# Heat Shield for Grill.



## Finney (Apr 26, 2006)

If it's a portable grill, why don't you just pull it out some when you use it?
If not, you can do many things to make a heat deflector.  Sheet steel or aluminum, ply-wood with a foil facing, solid insulation with foil, a water heater blanket (not w/ the cheap plastic facing), and the aluminized fiberglass material used to insulate race cars (you can buy it in rolls).


----------



## DATsBBQ (Apr 26, 2006)

My gasser is next to a large window. I don't worry about the glass cracking. Since the gasser doesn't have a cover, the chore is to clean grease splatter off the window.

I think the glass would melt before it cracked.
DATsBBQ


----------



## Finney (Apr 26, 2006)

DATsBBQ said:
			
		

> My gasser is next to a large window. I don't worry about the glass cracking. Since the gasser doesn't have a cover, the chore is to clean grease splatter off the window.
> 
> I think the glass would melt before it cracked.
> DATsBBQ


Melt?!?!? :ack:


----------



## LarryWolfe (Apr 26, 2006)

Finney said:
			
		

> DATsBBQ said:
> 
> 
> 
> ...



I would think it would stand a better chance of shattering, especially if it's cold out due to the heat differences.


----------



## DATsBBQ (Apr 26, 2006)

It would have to get pretty hot to melt, like the whole house in on fire but I still think it would melt before it cracked. Shatter? perhaps if is not safety glass but still unlikely. I've had flames on my gasser that would make Emril proud and never had a problem with glass cracking, shattering or even melting :grin:

Exhibit A: http://www.ncre.biz/gasserinfrontofwindow.html
 8-[  8-[


----------



## LarryWolfe (Apr 26, 2006)

DATsBBQ said:
			
		

> It would have to get pretty hot to melt, like the whole house in on fire but I still think it would melt before it cracked. Shatter? perhaps if is not safety glass but still unlikely. I've had flames on my gasser that would make Emril proud and never had a problem with glass cracking, shattering or even melting :grin:
> 
> Exhibit A: http://www.ncre.biz/gasserinfrontofwindow.html
> 8-[  8-[



I guess my point is, I don't think it will shatter or melt from you cooking in front of it in the first place.  Unless you put the glass right on top of the flame.  However, I think if you did place the glass directly ontop I believe it would shatter vs. melt.  The grill doesn't get hot enough to melt glass in the first place.


----------



## DATsBBQ (Apr 26, 2006)

Point taken =D>


----------



## Finney (Apr 26, 2006)

It would definitely crack first.  It's a matter of heat in a concentrated area.  The temp to melt window glass is outrageous.  And if it's at the kitchen sink or a door, it's tempered so it would be even harder for either to happen.  Glass top ranges have tempered glass on them.
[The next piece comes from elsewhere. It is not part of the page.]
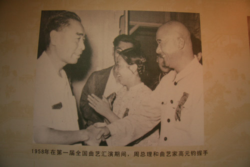 1958年在第一届全国曲艺汇演期间,周恩来和曲艺家高元钧握手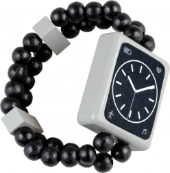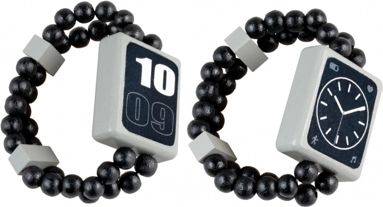 Priredite djeci kreativnu igru i nenametljivo učenje vremena s drvenim dvostranim satom. Jedna strana prikazuje digitalno vrijeme, druga analogni brojčanik s kazaljkama – idealno pomagalo za prve korake u snalaženju s vremenom. Lagana drvena konstrukcija i elastična narukvica od perlica osiguravaju udobno nošenje i lako stavljanje bez kopče.

Back to the original question.... Brooks, many things will work as a heatshield.  In the pics that Dat's posted that grill has a vertical steel plate acting as a heatshield. :!:   You don't need much.


----------



## DATsBBQ (Apr 26, 2006)

The steel plate is actually the weather cover when not in use. Some guys put the cover under the grill inside the cart. I hang on the back to avoid grease splatter (I hate cleaning windows).

Glass melting aside, I just don't think heat from a grill will cause a problem with a window, especially if the window is a modern one.
DATsBBQ


----------



## Captain Morgan (Apr 26, 2006)

I'd just get the afore mentioned plywood with foil wrapping...it will deflect most of the heat away, easy and cheap.


----------



## LarryWolfe (Apr 26, 2006)

Nice setup you have going there!!  Why wouldn't you just move the gasser over to the concrete slab up against the house?  Just curious?


----------



## Nick Prochilo (Apr 26, 2006)

You don't even need the foil facing on the plywood. Hold your hand above the grill near the window when your cooking. If you can comfortabley hold your hand on the glass close to the grill, don't worry about the glass. If you can't, put a piece of plywwod up. Seems like it will be more work puting the shield up and taking it down every time you cook than just moving the grill.


----------



## Finney (Apr 26, 2006)

After seeing your setup... It is my _expert_ opinion that you don't need anything.  The lid will diperse the heat enough that you shouldn't have to worry about it.  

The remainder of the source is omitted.